Carole Abbott was an expert witness in child sex-abuse cases. What she witnessed at home was a different matter.

Wrong and wrong, responds Portman. Not only was he -- or anyone else in his office, which handles many, if not most, sex-assault cases in Arapahoe County -- notinformed that Abbott had been canned, but he insists that Peters and Chambers had an obligation to reveal what they knew about Abbott back in August.

"They made the decision to fire the lady on that same information, but it wasn't important enough to tell us?" he asks. "Apparently the importance of it escaped them."


Portman and the public defender's office have not been the only attorneys caught off guard by the inconsistencies between Abbott's personal and professional lives.

Early last year, a grandmother of four Adams County boys saw two of them simulating sex. She informed the mother, who called the police. The children were taken immediately to Sungate, where, in March 1999, Carole Abbott interviewed one of them. Out of that interview and a subsequent police investigation, a family friend was accused of molesting two of the boys; a third allegedly witnessed the assaults.

Rick Kornfeld, a private attorney in Adams County, was hired to defend the man. He says as late as early January, he knew nothing about Carole Abbott's firing or the criminal charges filed against her. Later, after hearing rumors, he checked into her background and discovered Abbott's problems at home. He, too, says prosecutors either were hiding damaging information about a star witness or simply fell down on the job.

"Carole Abbott's report was crucial in my case," he says. "Basically, you have a bunch of kids making accusations. There are no witnesses, no physical evidence, nothing. Her interview was everything. So they needed to tell us; credibility of a witness is always germane."

In mid-January, Peter Albanie, a private attorney in Denver, was called in to work on an Arapahoe County sex-assault case in which Abbott had conducted the forensic interview. He knew nothing of her background, either, until January 20, when Portman approached him outside the courtroom and told him. Albanie, too, immediately requested that the Arapahoe County DA's office be taken off the case.

"What I heard was enough to give me concern that the DA's office had now placed themselves in a position to be a witness in the case," he explains. "We believed that Carol Chambers had information regarding Carole Abbott and why she was fired. So rather than being a prosecutor, Ms. Chambers was now a witness. Also, we believed her being on Sungate's board, and their holding Carole Abbott out as a witness, was a conflict of interest. It seemed to be that they were protecting a witness."

The judge agreed with Albanie and ordered Chambers off the case. But in a deal in which the prosecutor's office agreed not to use Abbott as a witness in court -- although her interview was allowed to appear -- the judge decided to permit Arapahoe County to prosecute the case after all. (A similar deal was reached in Portman's case.)

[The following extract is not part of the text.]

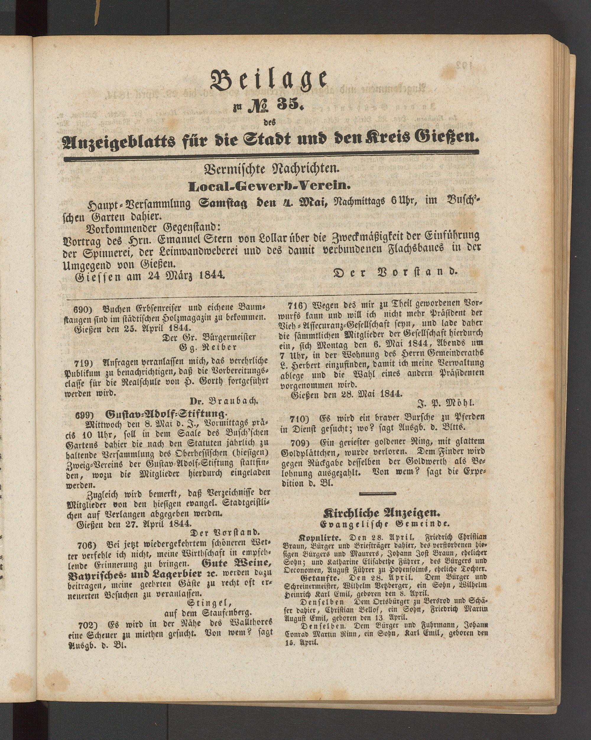 Anzeigeblatt für die Provinzialhauptstadt Gießen. 1840-1867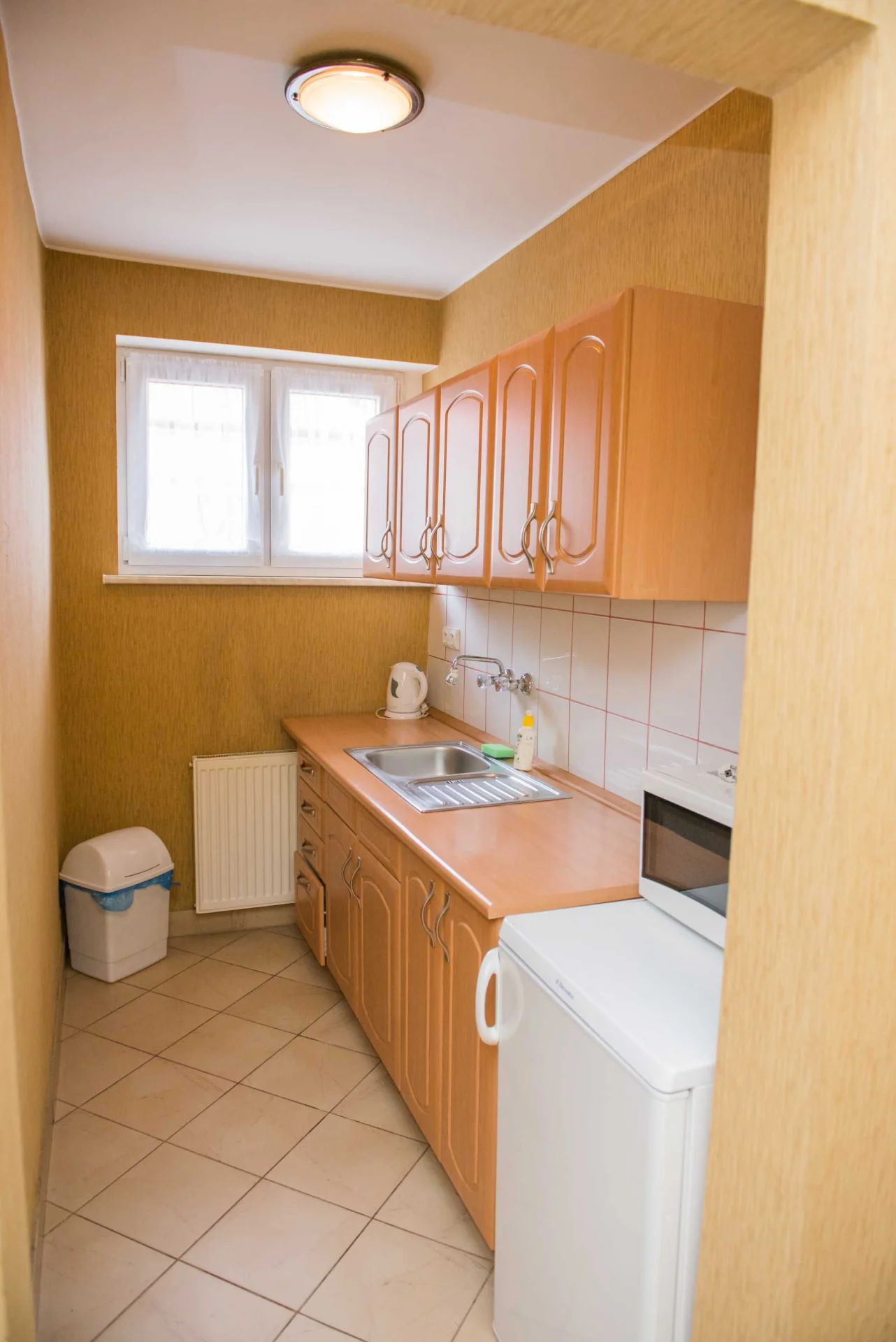 Pokoje 4, 5 lub 6 osobowe wraz z wyposażonymi aneksami kuchennymi, lodówkami, mikrofalówkami, płytami grzewczymi.

Yet such resolutions are only patchwork solutions. Portman says the public defender's office has another half-dozen sexual-abuse cases on which Abbott has worked that have yet to go to trial. What, he wonders, will happen with those?

And there is the matter of the sex cases already tried and shelved. Defense attorneys say that, given what is now known about Carole Abbott's home life, it would be possible to challenge and potentially overturn a sexual-abuse case in which a person had been convicted based on her work for Sungate.

That, of course, would depend on whether anyone could show that Abbott's problems dealing with alleged sexual abuse in her own home affected her work at Sungate. Although no lawyers have tackled that project yet, there is at least some evidence that Abbott did not do her job particularly well late last year as her difficulties mounted at home.

Three weeks ago, for instance, Portman's client was cleared of all charges against him. In informal interviews with jurors after the case, he says several admitted they found Abbott's interview of the children troublesome. In some places, they observed, she appeared to be leading the children with statements such as "People come here to talk about touching troubles" and "Today you're going to teach me about what happened to you" -- sentences that signaled strongly that Abbott already was convinced an incident definitely had occurred.

Kornfeld's client was also recently cleared. In that case, the Adams County prosecutor, Jim Colgan, hired a private psychologist named James Baroffio to evaluate Abbott's forensic interviewing work in preparation for using her as a witness. Baroffio, however, was unimpressed.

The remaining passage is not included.